◆ **Try it**
The result should be an exact copy of only the lines from the one with "卢永亨《爱是不保留》吉他谱,共有1张高清图谱,免翻页排版设计。..." through the last line of the data below, with pictures omitted.

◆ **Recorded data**
--- --- ---
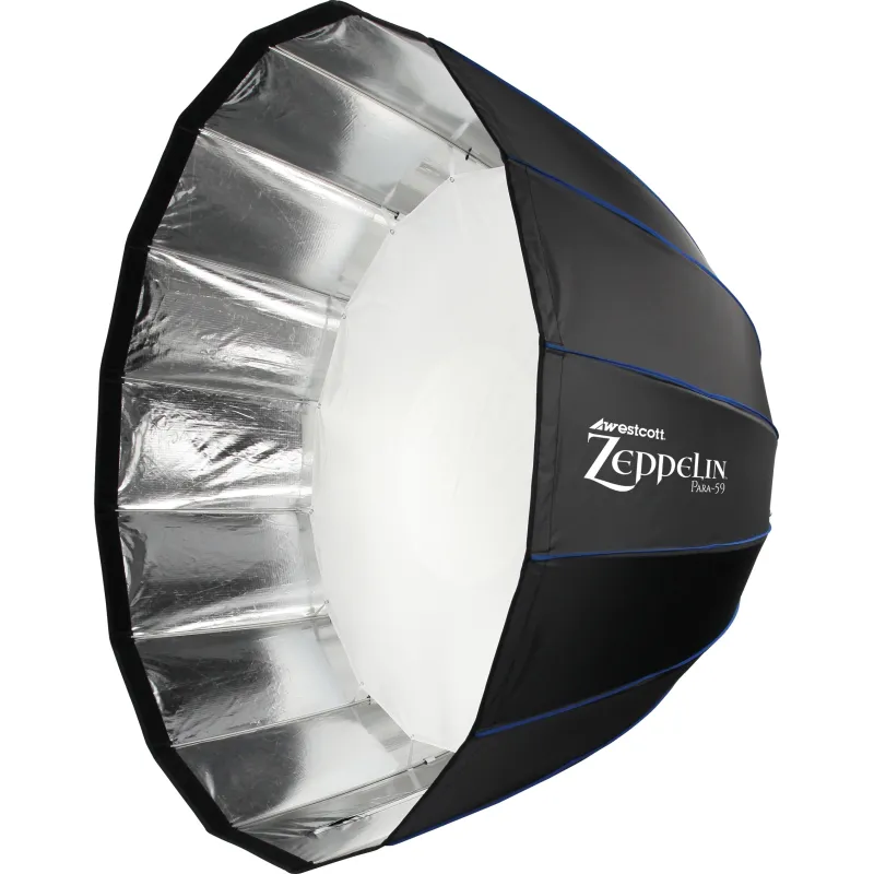The Westcott Zeppelin Para 59 has a deep parabolic construction from which it got its name. This softbox gives a beautiful circular light that is perfect for commercial, model and fashion photography. The light is even and has soft shadows. The construction is of very high quality.
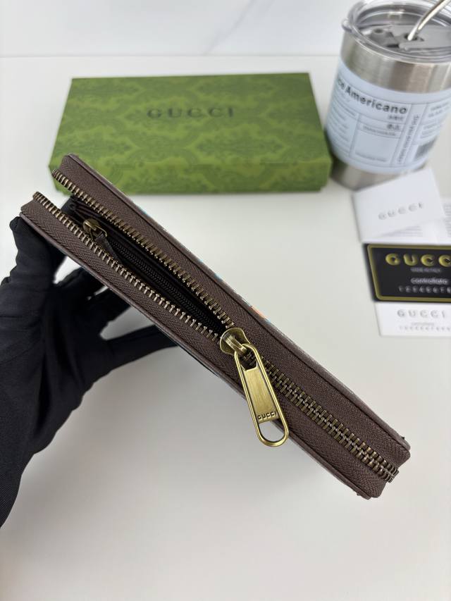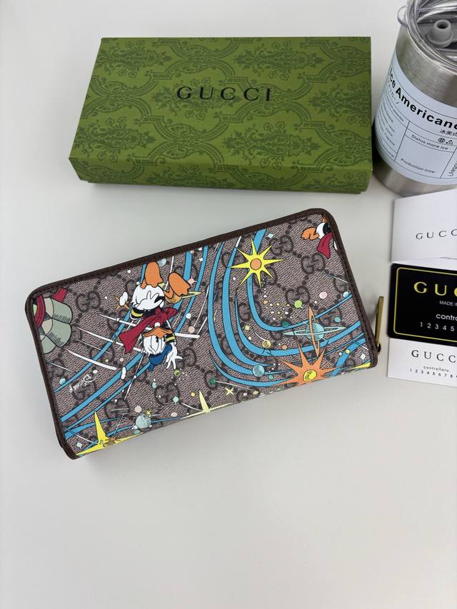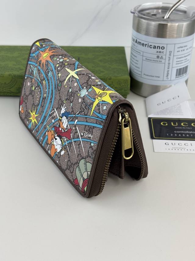 Guccl Supreme wallet continues to draw inspiration from legendary Disney characters, enriching the brand's aesthetic. This sleek, elongated wallet features the likenesses of Donald Duck's three nephews, Hugh Dewey and Louis. Style Number: 647940 Dimensions: 19cm x 10cm x 2.5cm Color: Brown
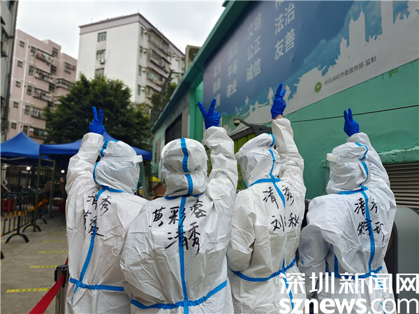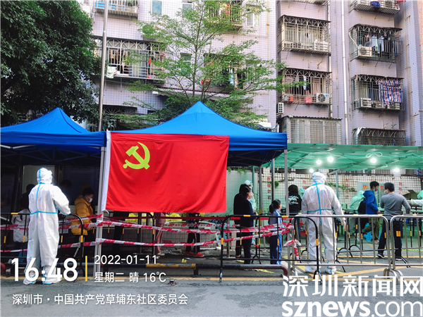 黨旗在羅湖區(qū)東曉街道草埔東社區(qū)嚇圍核酸檢測(cè)點(diǎn)高高飄揚(yáng)。
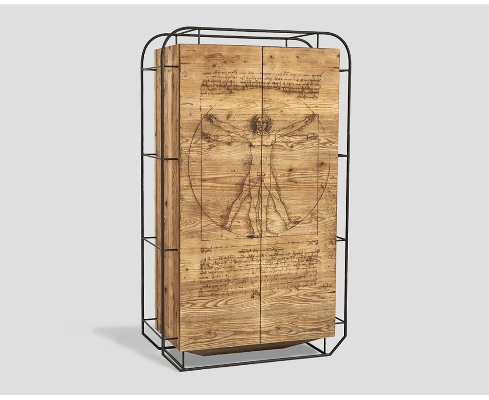 Armadio 2 ante in legno vecchio riciclato con incisione artistica a fuoco e telaio esterno in metallo brunito.
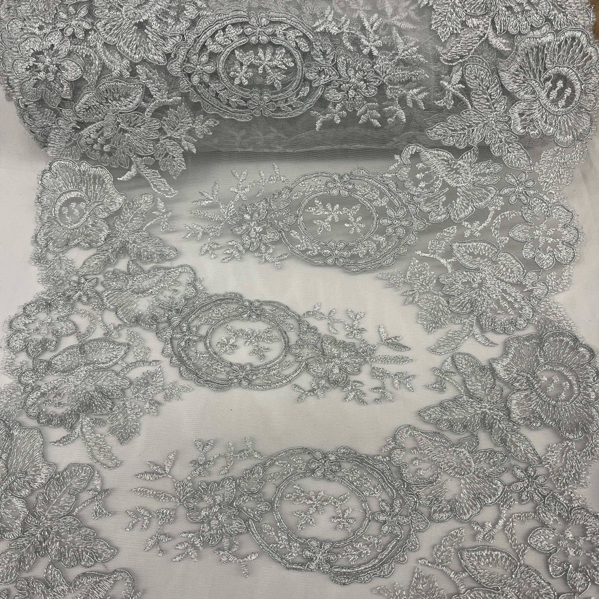 Corded Double Sided Lace Trimming Embroidered on 100% Polyester Net Mesh | Lace USA - 97039W/2
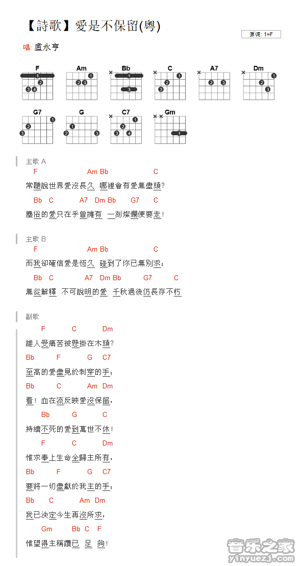 卢永亨《爱是不保留》吉他谱,共有1张高清图谱,免翻页排版设计。...
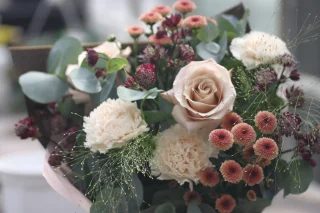Kuvan tuotteessa on: ruusu, neilikka, krysanteemi,tähtiputki, hirssi, eucalyptus
--- --- ---
◆ **Response**
 卢永亨《爱是不保留》吉他谱,共有1张高清图谱,免翻页排版设计。...
Kuvan tuotteessa on: ruusu, neilikka, krysanteemi,tähtiputki, hirssi, eucalyptus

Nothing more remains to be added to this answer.